This implementation was realized for my master thesis on "Botnet detection in encrypted traffic - a machine learning approach"
The configuration has to be done in config.py file. A template is provided in example_config.py
Follow these steps:
- run features_extraction/MainBro.py to extract the features in results/features.csv
- run machine_learning/normalize_and_split.py to generate data to feed to ML
- run train.py to generate models
Pass the setname of the features to use through
Get_normalize_data.get_all_data("model_folder", "set_name")
setname can take the value "all", "dns", "https", "reduced", "reduced_30", "reduced_40" and "enhanced_30". To create a new set of features, just complete the features_set dictionnary present in the get_all_data(...) function
The enhanced features set contains cipher suites from ClientHello packets.

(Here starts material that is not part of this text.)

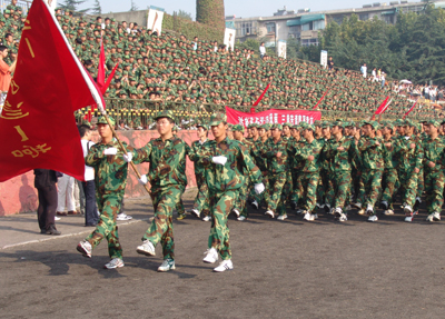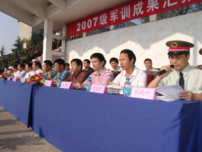 9月23日上午,我院举行2007级新生军训会操表演。院党委书记王旭善、副书记吴光林、副院长季翔、任留钦、张登宏出席并在主席台就座观看了汇报表演。此次大会还特别邀请了73101部队政治部主任钟成斌。院党委副书记吴光林作总结讲话。在主席台就座的还有学院07级新生军训工作领导小组成员。
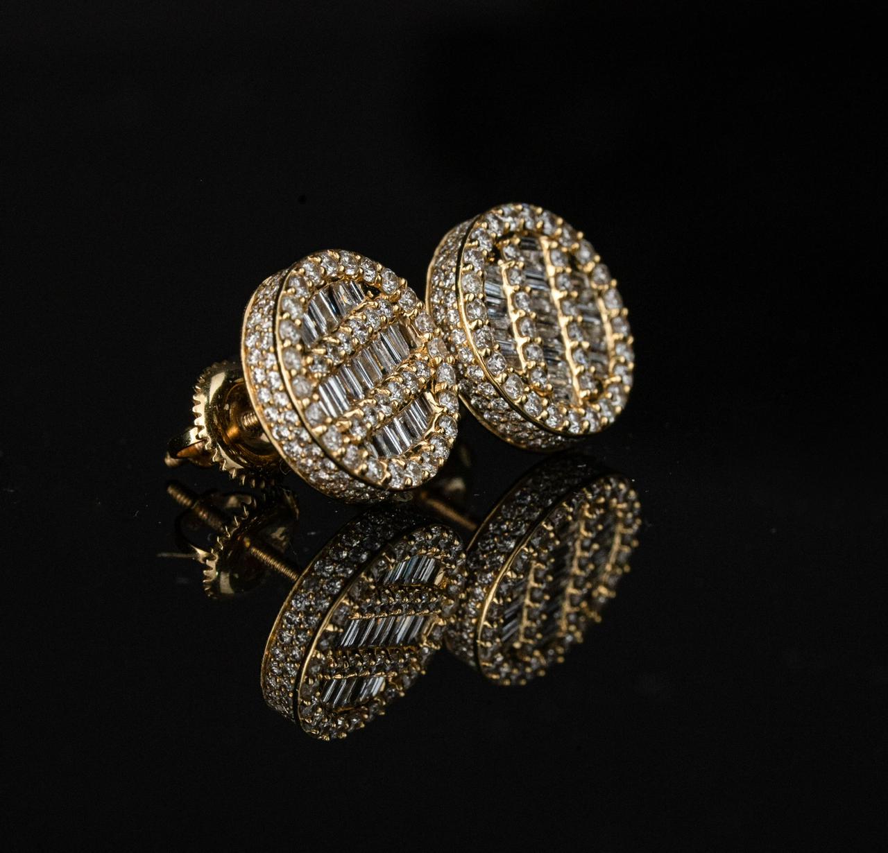 ARETES REDONDOS DIAMANTES BAGUETTE 14K

Unfortunately the information is not available by default in Bro logs. Therefore it is required to extract them by hand. The tls_finger.bro script from securityartwork.es has been used in order to do this extraction Moreover, to avoid re-computing the whole features set (which is time and ressources consuming), the features are calculated separately then added to the csv with all features.
Here are the steps to generate the enhanced features set:
- Install Bro or install SecurityOnion and put the tls_finger.bro file into the folder "/usr/local/share/bro/site"
- Use extract_bro_ciphers.py to extract cipher suites from Bro logs
- Use feature_extraction/compute_ciphersuites_features.ipynb to compute the features from Bro logs and store them in results/model/features_enhanced.csv
- dataset_tools/ -> contains all the tools related to the datasets (download, collect infected IPs, label and discard datasets)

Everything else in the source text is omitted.